Well, how does the ‘Age’ and ‘Fare’ can be that dominating? It is because if we use covariance, we will use the unstandardize value of each variables. It is worth noting that most dataset is scaled and measured differently for each variables, so we will be more likely to see one variable have the range of 0-512 and one with 0-8, just like what we have with ‘Fare’ and ‘SibSp’.
Thus, we will check the eigenvectors using the standardized version of covariance matrix: Correlation.
Correlation Matrix
eigen_corr <- eigen(corr_matrix)
print("value")
## [1] "value"
print(eigen_corr$values)
## [1] 1.6367503 1.1071770 0.6694052 0.5866676
print("vector")
## [1] "vector"
print(eigen_corr$vectors)
## [,1] [,2] [,3] [,4]
## [1,] 0.4388714 -0.5962415 0.56095237 0.37043268
## [2,] -0.6250770 0.0732461 0.05500006 0.77517016
## [3,] -0.5908590 -0.1774532 0.60558695 -0.50265342
## [4,] -0.2599159 -0.7795136 -0.56175785 -0.09607493
From the results above, we can conclude that:
Eigenvalues: Unlike when using covariance matrix where the first two component heavily dominating the values, the current one have a more balanced distribution with each component (in the same order) have proportion of: 41%, 28%, 17%, and 14%.
Eigenvectors: While the previous eigenvectors showing dominance of one variables, the current shows an interesting dynamic between each variables.

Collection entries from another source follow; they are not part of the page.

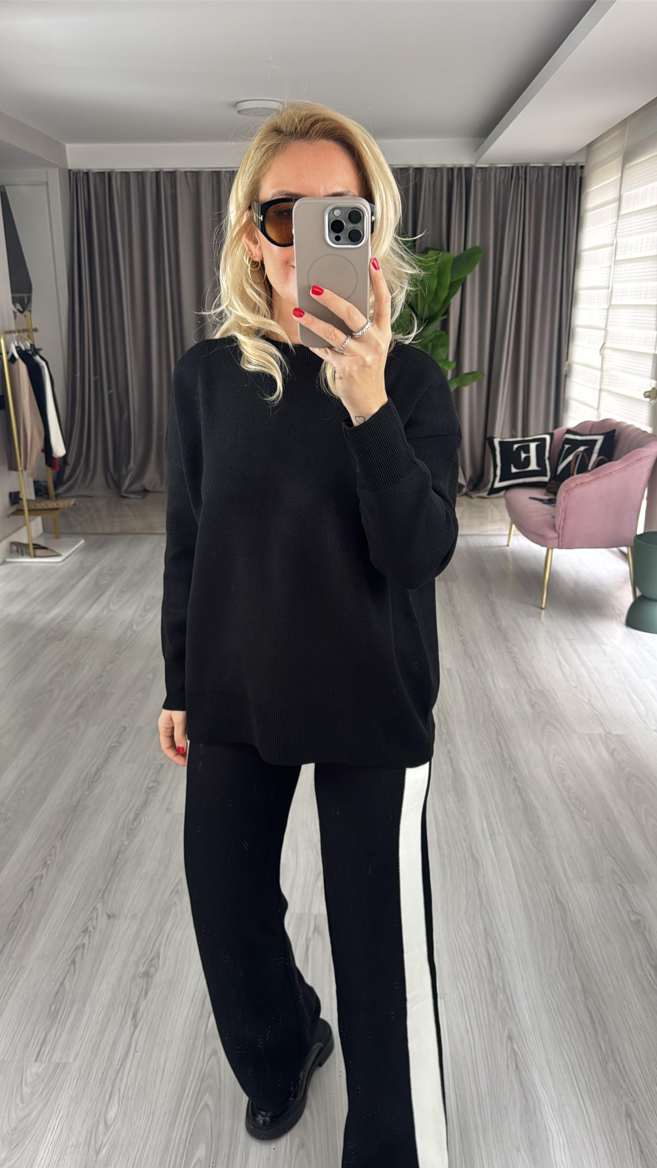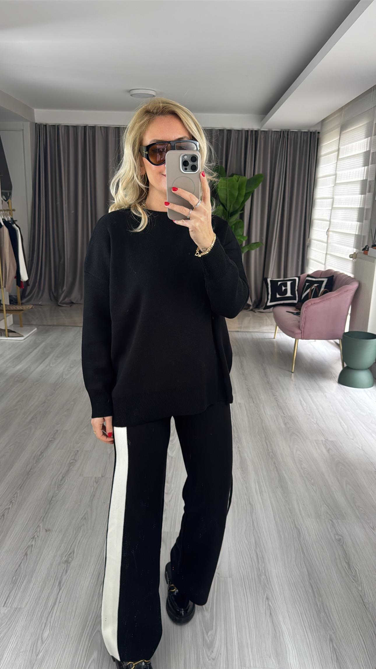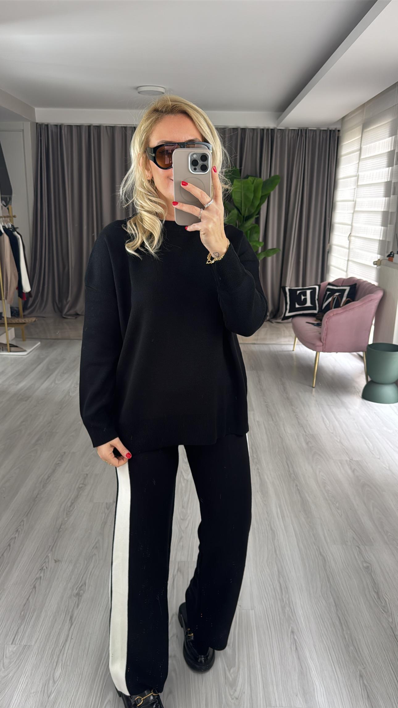 Premium Yanları Ekru Şeritli Siyah Triko Takım
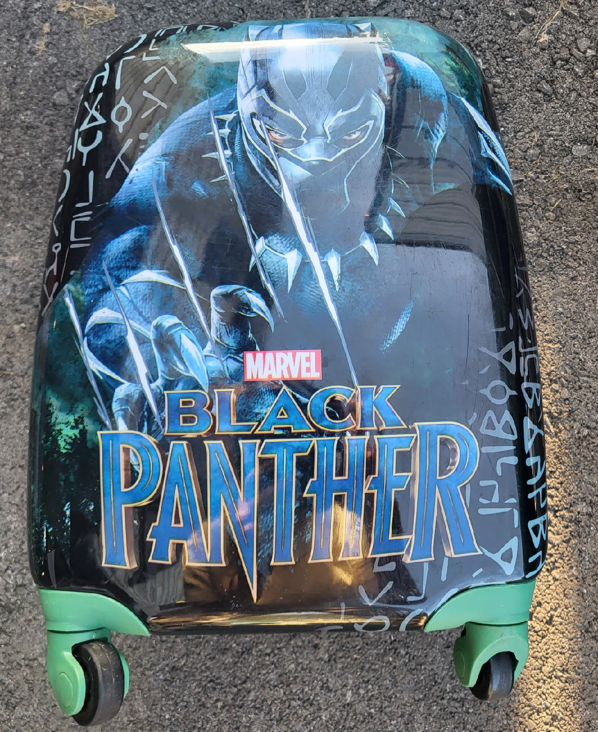 Selling a Marvel Black Panther kids rolling suitcase. It features a Black Panther design with green accents. Perfect for your little one's travels.
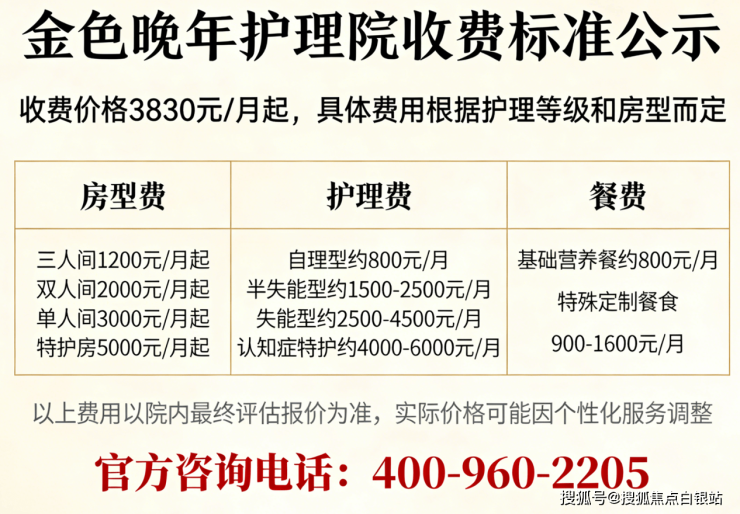 温馨提示:最准确的费用需结合老人实际身体状况和房型评估。建议拨打 400-960-2205 获取个性化费用明细解读。
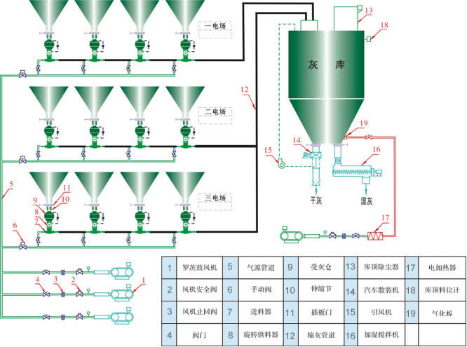 二、原理及特点: 原理: PSG系列气固喷射器,以离心风机(空压机、罗茨风机)为动力气源,运用气固两相流原理,以流态化技术,射流技术和压差原理相结合,以电动旋转供料器为供料装置,将物料送入料气混合室,物料在料气混合室流态化的同时,利用双环状喷嘴产生的高速气流将物料送入加速室,以悬浮流进入输送管道,利用气力压差将物料沿管道送入受料仓内。料气分离,经布袋除尘器过滤后将气体排入大气。 特点: 1、投资省、运行成本低、节能明显 由PSG系列气固喷射器组成的低压连续输送系统,不仅在工程造价上体现其投资省、而且运行成本低。由于无进出料及排气阀门,无易损件,因此运行费用低,同时使用低压输送比空压机系统输送要节约能耗30%左右。 2、操作方便 该设备本体控制只有电动旋转供料器和进气阀,则设备本体控制只需“启动”或“停机”操作,设备运行只需巡视,不需要人工值守。由于连续泵工艺系统简单,所配置的控制系统也相应简单。根据系统配置,既使采用PLC控制系统,如发生故障,具有报警系统,也可手动控制,不影响系统的正常运行。 3、设备及管道磨损小、使用寿命长 由于采用低压输送,设备及输灰管内流速较低,输送浓度恒定。因此,系统设备和管道磨损小、使用寿命长。 4、系统布置方便灵活 由于该设备体积小,安装高度较低,因此在系统布置时方便灵活,可完全满足工程布置需要。 5、对气源的品质要求不高 连续泵动力气源,一般采用离心风机或罗茨风机和压缩机,无需设立空气净化系统。根据系统设计,只对风量和压力有一定的要求。根据情况也可使用压气站气源。 6、系统可靠性高 ①PSG系列气固喷射器采用离心风机或罗茨风机和压缩机为动力气源,由于风机的高性能决定了系统的运行可靠性。 ②PSG系列气固喷射器组成的气力输送系统,在现场灰量允许的条件下,可采用两个灰斗共用一台泵的布置方式,一般设备数量少,使得整个系统简洁可靠。 ③PSG系列气固喷射器料气比稳定,无任何冲击负荷,无常规气力输送工艺中的阀门频繁动作,设备故障率大大降低。 三.、典型系统工艺流程 1、典型工艺流程一

2.1. In first component, we will see that ‘Age’ have strong positive score while ‘SibSp’ and ‘Parch’ have really strong negative score, while the ‘Fare’ have weak negative score, in contrast with previous eigen where it dominated. This new dynamics show us the component we’re lacking before: Family structure. Where the older passenger tends to go alone and mostly bought an appropriate ticket just for himself; the younger passenger tends to go with their family, causing them to bought an expensive ticket.
2.2. In second component, we will see that ‘Age’ and ‘Fare’ both have strong negative score, while the other two have a really weak score. This also capture something: Wealthy factor. This component shows that, assuuming they go alone, older people tends to bought more expensive ticket than the younger.
So, I guess that’s all. We can continue to PCA if I want, but I don’t want to.